Les autres entretiens, réalisés avec des acteurs sociaux aux différents statuts abordent pour leur part des questions plus précises, centrées sur les hypothèses de travail, reprenant un ou plusieurs points abordés précédemment, en fonction des trajectoires des enquêtés : ressources scientifiques ou cognitives disponibles, choix méthodologiques, fonctionnement institutionnel, collaborations professionnelles…

Statuts des enquêtés

Les entretiens réalisés ont eu pour but d’éclairer les zones d’ombres et de donner une image plus nette des orientations choisies dans les différentes campagnes proposées. Le premier objectif a été de dresser la carte des acteurs et des institutions engagés dans l’élaboration des dispositifs de santé publique. Il a donc fallu, à travers les discussions avec d’anciens responsables du CFES, tenter de reconstruire le fonctionnement de cet organisme, afin de mieux saisir le rôle de chacun et la politique générale d’élaboration d’axes de travail. Ceci explique le statut similaire des premiers enquêtés, ceux ayant occupé le poste de « délégué général ». Parmi ces quatre anciens délégués, nous avons sollicité deux femmes et deux hommes, ayant exercé leurs fonctions à différentes époques, sous différentes autorités politiques et selon des durées variables. S’il nous a semblé logique de nous entretenir avec les trois délégués généraux sous la direction desquels des dispositifs en faveur de l’activité physique avaient été menés, il nous a également apparu opportun de nous entretenir avec un quatrième, pour avoir une discussion un peu plus libre sur le fonctionnement de l’institution, mais aussi pour l’entretenir sur le fait qu’aucun dispositif en faveur des pratiques physiques n’avait été mené sous sa direction.

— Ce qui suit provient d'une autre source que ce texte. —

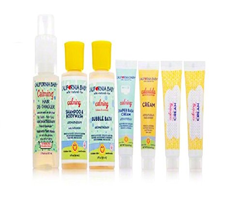 -. Feature : Eases tired tempers and calms little bodies / Great for travel, sleepovers or as an introduction to California Baby / Includes shampoo, conditioner and bath toy for a soothing nighttime bath / Sunscreen, moisturizing cream and calendula for fun in the sun / All-natural ingredients won't irritate baby's delicate skin
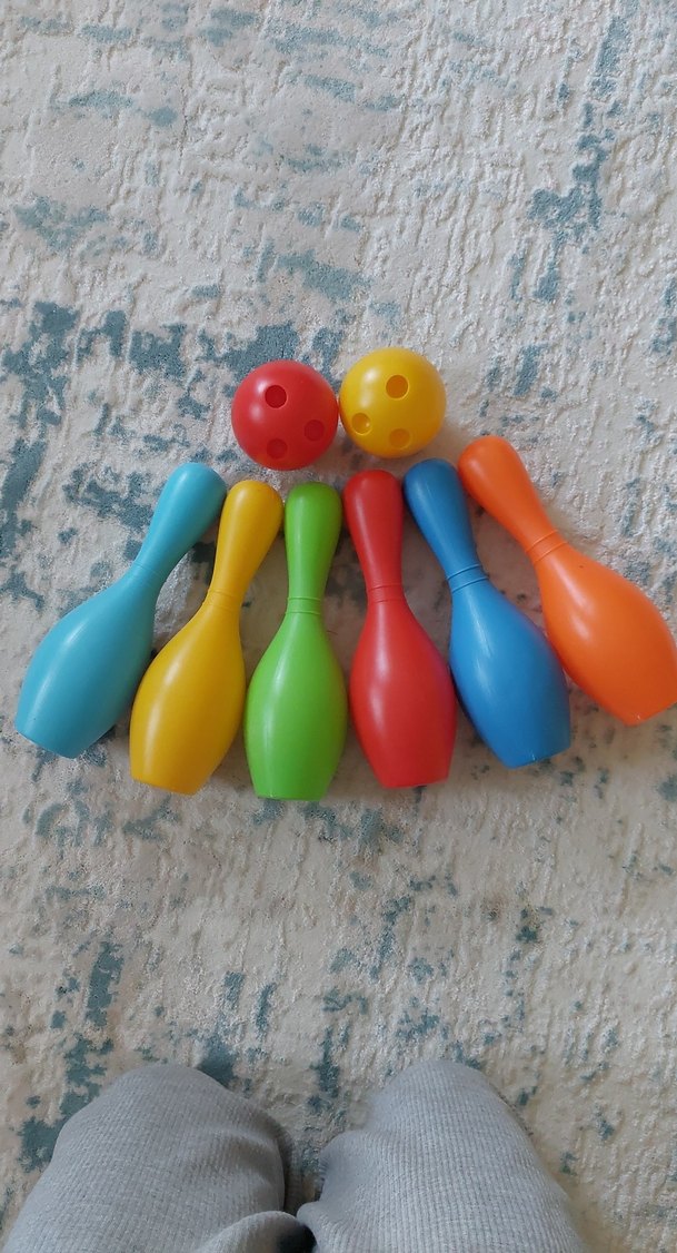 Altı renkli top ve iki renkte top içeren, renkli mini bowling seti. Eğlenceli ve taşınabilir yapısıyla iç mekan oyunları için uygundur.
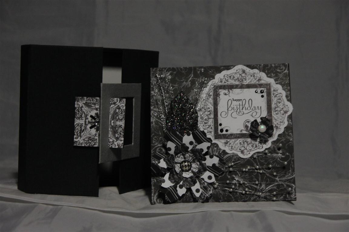 I made this card for my Boss’s birthday, and when it was made I realised it wasn’t going to fit into the envelope without ruining the whole effect of the flower, so I came up with this matching box, which was so successful it resulted in a rather large order, and more coming in all the time, so at the moment I am up to my eyes in cards in boxes!I will show a couple more over the next couple of days, but now the challenge is to make some male themed ones – that’s the next order I will be working on over the weekend. Anyway, for this one I used Bo Bunny enchanted patterned paper, and matching brads, and my sizzix tattered floral die with a prima leaf and sprays of pearls. Once you have the hang of these boxes, I have discoverd it is quite easy to change the size to match any size card, the only thing to remember is to keep the measurements within 12 x 12, otherwise you will run out of cardstock! Til tomorrow….
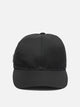 Prada's Re-Nylon baseball cap, made of regenerated yarn from the recycling and purification of plastics collected from oceans, fishing nets and textile fibers. The construction features a paneled structure with a curved silhouette and rigid visor. The design features a front-applied enameled metal triangle logo and cotton inner lining.
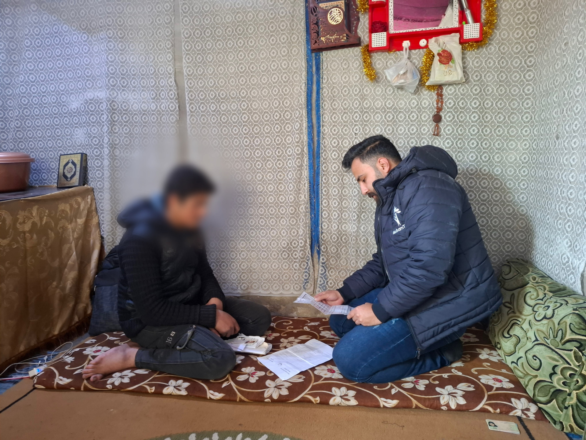 Mohammad lives with his family in a tent in Shmarakh camp under harsh living conditions. His mother is the sole provider, working in agriculture with a very modest income that barely covers even a small portion of their basic needs as she tries to care for her children. Mohammad was born with spina bifida, a condition that has accompanied him since birth and led to complications affecting his ability to walk. Today, he suffers from significant difficulty in movement, constant pain, and a developing curvature of the spine. His condition requires immediate follow-up and treatment, but the difficult circumstances the family is facing prevent them from affording the cost of medical examinations.
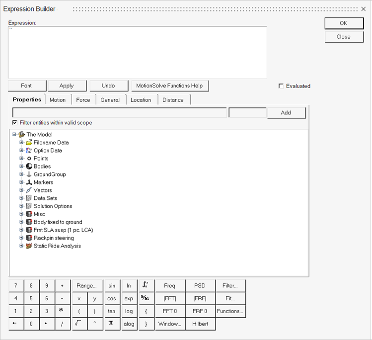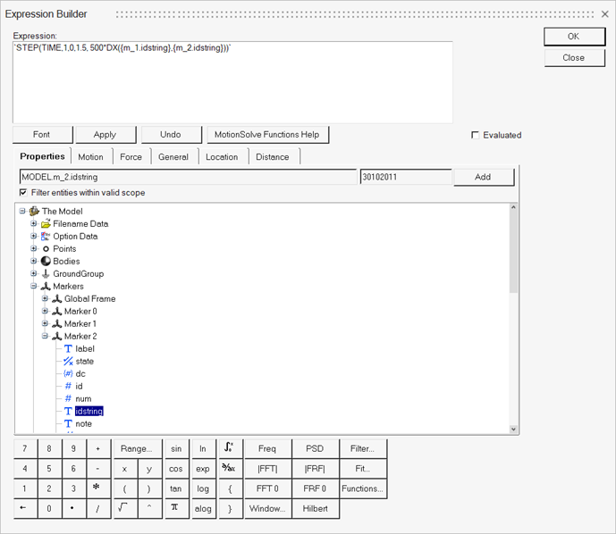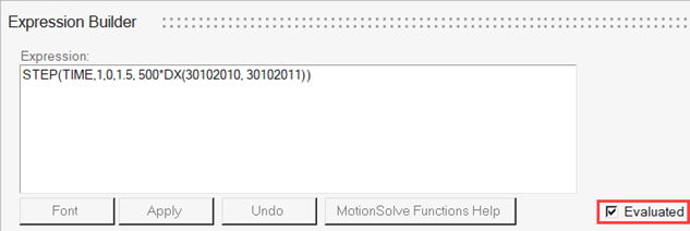 注: マーカーとその他のMotionSolveエンティティのIDは、モデルをソルバーにエクスポートするか、MotionViewの“Check Model”操作を実行するまで定義されません。したがって、パラメトリックな式をExpression Builderダイアログボックスで評価すると、Expression BuilderのマーカーIDが空白で表示される場合があります。Evaluatedチェックボックスをチェックした場合は、Templexパーサーがソルバー関数(中括弧で囲まれたパラメトリック値と式)にのみ適用されます。式にある他の情報の正しい形式はソルバーに依存することから、MotionViewではチェックされません。例えば、Step関数に“stp”と記述した場合、MotionViewでは、Evaluatedがアクティブになっていてもエラーメッセージが生成されません。一方、MotionSolveでは実行時にエラーが発生します。
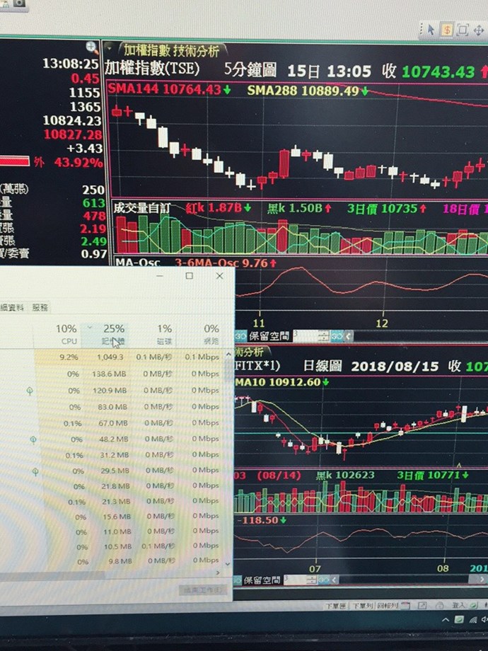 在看台指5分線時,柱狀體會一半綠一半紅,怎麼會發生這種情形呢 ? 按F5就會好了,可是有時候畫新的K棒又會出現錯誤。
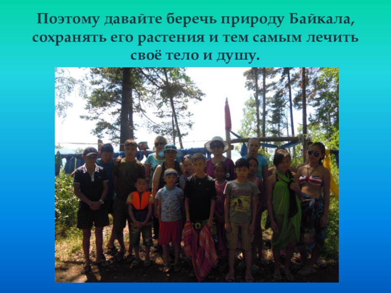 Слайд 15Поэтому давайте беречь природу Байкала, сохранять его растения и тем самым
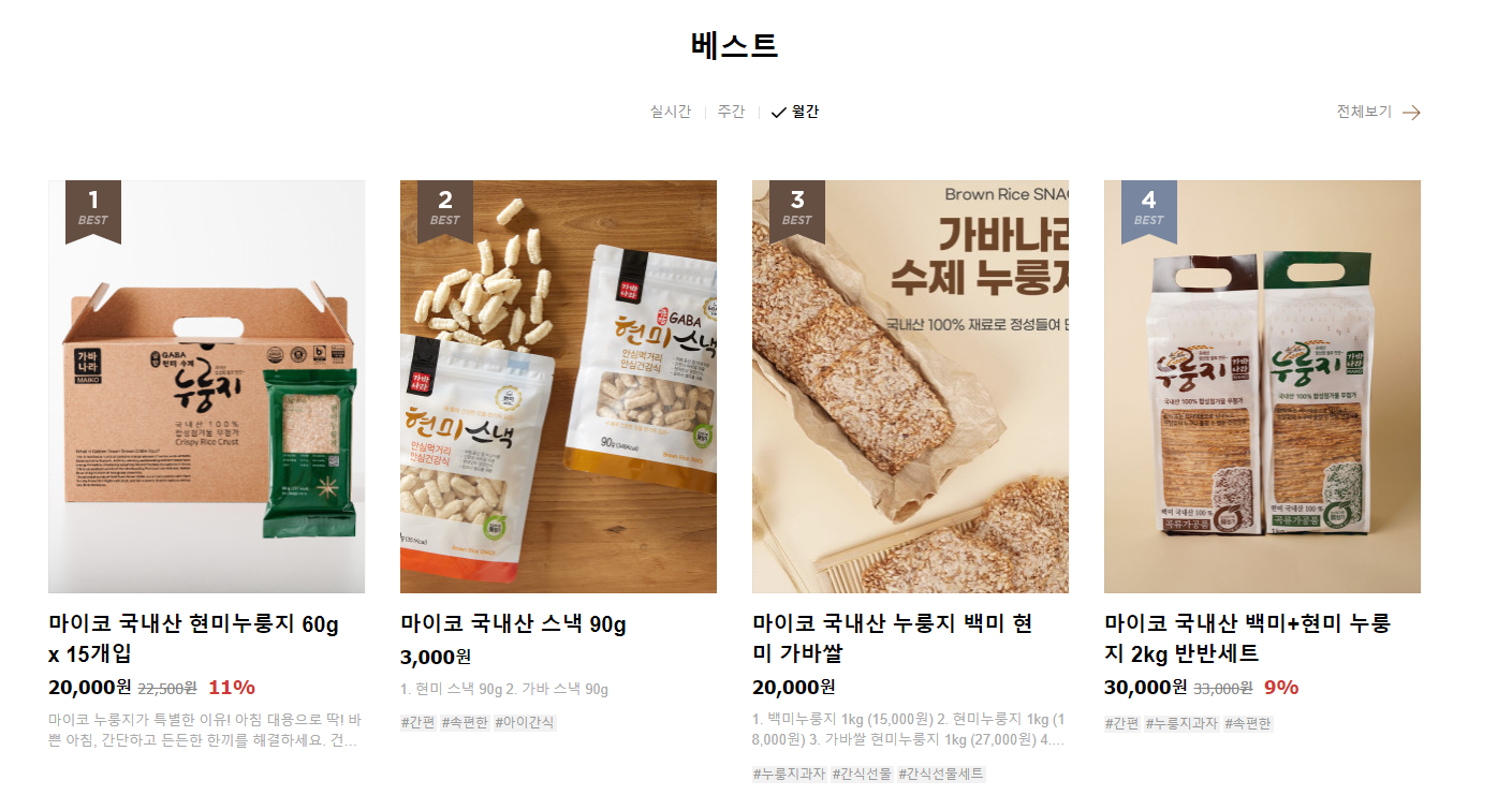 정성스럽게 만든 국내산 쌀을 사용한 누룽지와 쌀과자는 건강한 맛과 바삭한 식감으로 많은 사랑을 받고 있습니다.
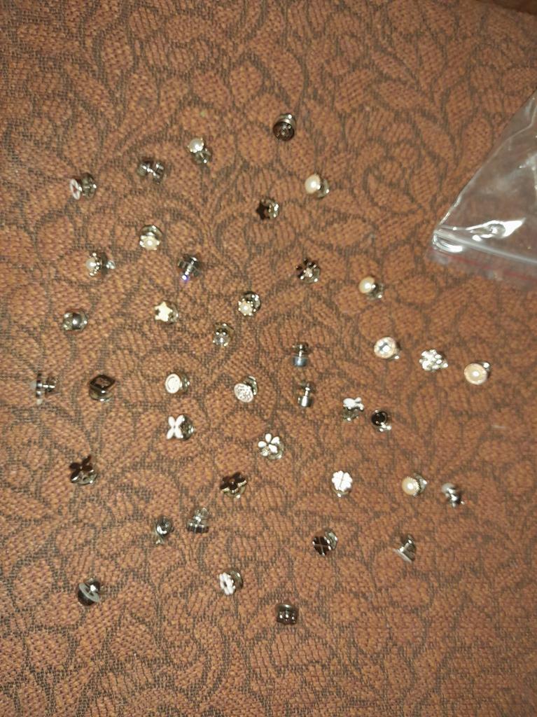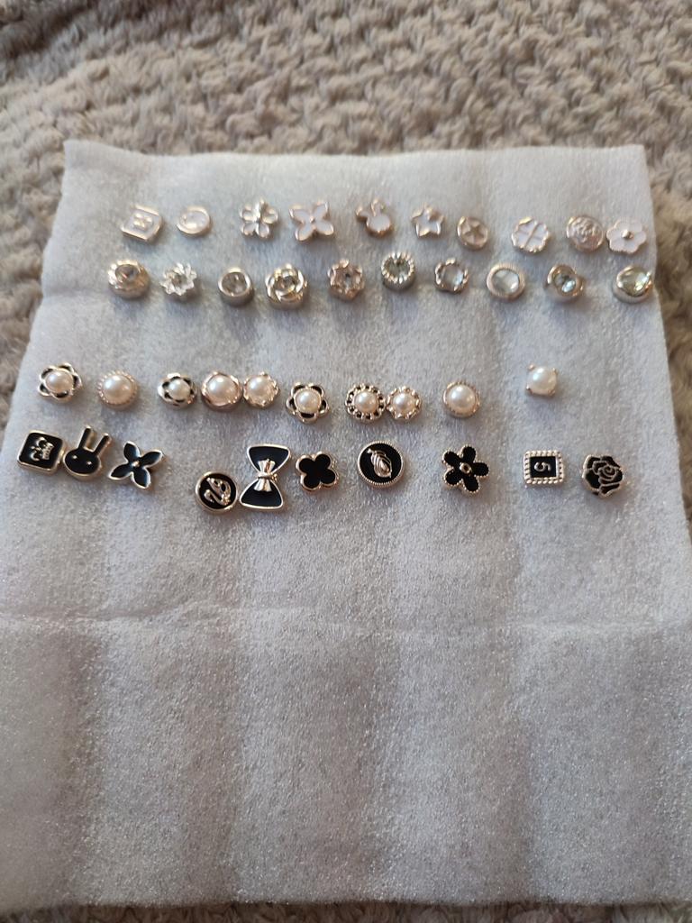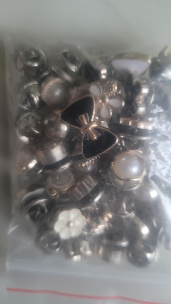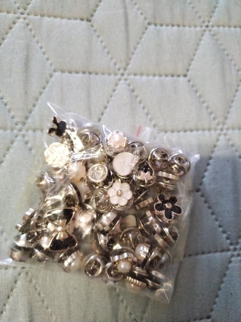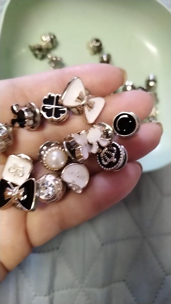 Sehr interessante Nieten-Haarnadeln, ich weiß nicht, wie ich sie nennen soll, aber sie sind cool, klein, sie ziehen sich gut an und halten fest, es gibt viele davon in der Packung und verschiedene Muster, Sie können für jede Kleidung wählen, Ich empfehle zu kaufen.

Quatre autres temps d’échanges ont été sollicités au cours des trois dernières années, dont deux plus récemment, auprès d’acteurs impliqués dans la conception d’actions sanitaires ou d’acteurs investis dans la promotion de l’activité physique. Nous avons essayé de varier les statuts des anciens acteurs interrogés pour obtenir des compléments d’informations et tenter de mieux reconstruire et interpréter la réalité, mais aussi pour palier aux archives manquantes.